Days without a smile - «the doorman» by Domiziana Giordano & Reiner Strasser
The doorkeeper is the one who knows everything , and yet he is the one to miss out everything. He always knows exactly who has shared a secret night of love with whom, but he himself has never lived through it. He has even seen just who staggers in homewards, blabbering, late at night, but he himself remains sober, and keeps silent. The door-keeper also knows who has lost his job and the embarassing reasons behind but he himself continues to sit on his chair. The power of the doorkeeper lies in his powerlessness: he can take part in everything, but is still excluded from the experience.
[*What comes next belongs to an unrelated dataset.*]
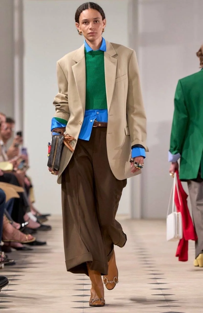 Если облачиться в яркое с ног до головы страшно, используйте нейтральную базу как холст. Серое пальто, бежевый трикотаж или графитовый костюм — это идеальный фон. А дальше добавляем «витамин»: сочную сумку, ультрамариновые перчатки или туфли в цвете.
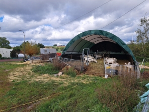 Auch im kleinen Nachbardorf Hommerdingen hat die Windhose ihre Spuren hinterlassen. Diese Ortschaft traf es zuerst. Eines der Opfer ist ein kleiner einheimischer Betrieb, der Ziegenkäse verkauft. Vor der Ladentür kreuzt das Tageblatt zufällig eine Frau in blauer Schürze, die sich dazu bereit erklärt, uns etwas herumzuführen. Sie präsentiert den Hinterhof des Betriebs und zeigt auf eine leere Stelle neben einem mit einer grünen Plane bedeckten Ziegengehege. Daneben habe bis gestern noch eine ähnliche Konstruktion gestanden. Sie wurde mitsamt der Heringe komplett aus dem Boden gerissen und weggefegt.

Day after day, night after night, the doorkeeper sits in his cabin. He leafs through the newspaper, stares into the small television on his otherwise empty table. It is only through the media that the world reaches out to him. Even the lobby behind the glass window of his cabin is just such a medium: between their life outside and their life inside the inhabitants of the building make their appearance here for a brief moment only. They hardly take note of the doorkeeper: he has long since become part of the inventory. Only on rare days do they favour him with a smile, when they are left with one to spare.
Domiziana Giordano and Reiner Strasser talk about days without smiles in their Net project «the doorman [passing]». For two months Giordano observed and photographed the doorkeeper of a rented apartment nothing happened for two months. Underscored by melancholy music from a flute, consisting of no more than three notes which repeat constantly, Strasser mounted the pictures into a series of six «portals», from where onwards we can usher in other series of pictures. While the six «Portal Pictures» show the doorkeeper in his corner in the cabin, many of the remaining photgraphs depict the world of the lobby from the doorkeepers perspective.
«For me, the camera is the eye of a person, through whose imagination we see the events on the canvas », says the director of yore, Friedrich Wilhelm Murnau, who perhaps made the most famous film on a doorkeeper with his «The last man» in 1924. In a similar fashion, in the work of Giordano and Strasser, too, the doorkeepers perspective turns more and more into our own view: in the sluggish roller-coaster ride of these images we spiral in successively into the role of the doorkeeper, we take on his role in this stifling studio-piece with only one set and no end.
The cinematographic narrative style of this project is hardly surprising, Domiziana Giordano was an actress, having played lead roles in films like «Nouvelle Vague» by Jean-Luc Godard or «Nostalghia» by Andrei Tarkovsky, while Reiner Strasser is engaged in net poetry. The specific narrative style of «the doorman» however takes us rather to the beginnings of film history , back to Murnau, for instance. It is also known of Murnau that he kept going back to photography between 1923 and 1931. Photographic shoots were for him a first step towards the moving picture, the visual work process of the cineast thus began long before the actual filming.
However, whereas Murnau, seconded by his cameraman Karl Freund, hurries his doorkeeper mercilessly to his fate in his famous «camera unleashed », Giordano and Strasser have adapted their manner of narration to the conditions of the Net. Because it is not the camera that is unleashed here, but our own imaginative powers: it is the doorkeepers in our heads who combine these images into a claustrophobic «Huis clos». Beause we all of us let life pass us by, occasionally, and look on and it is this doorkeeper in us who brings us to schudder at this.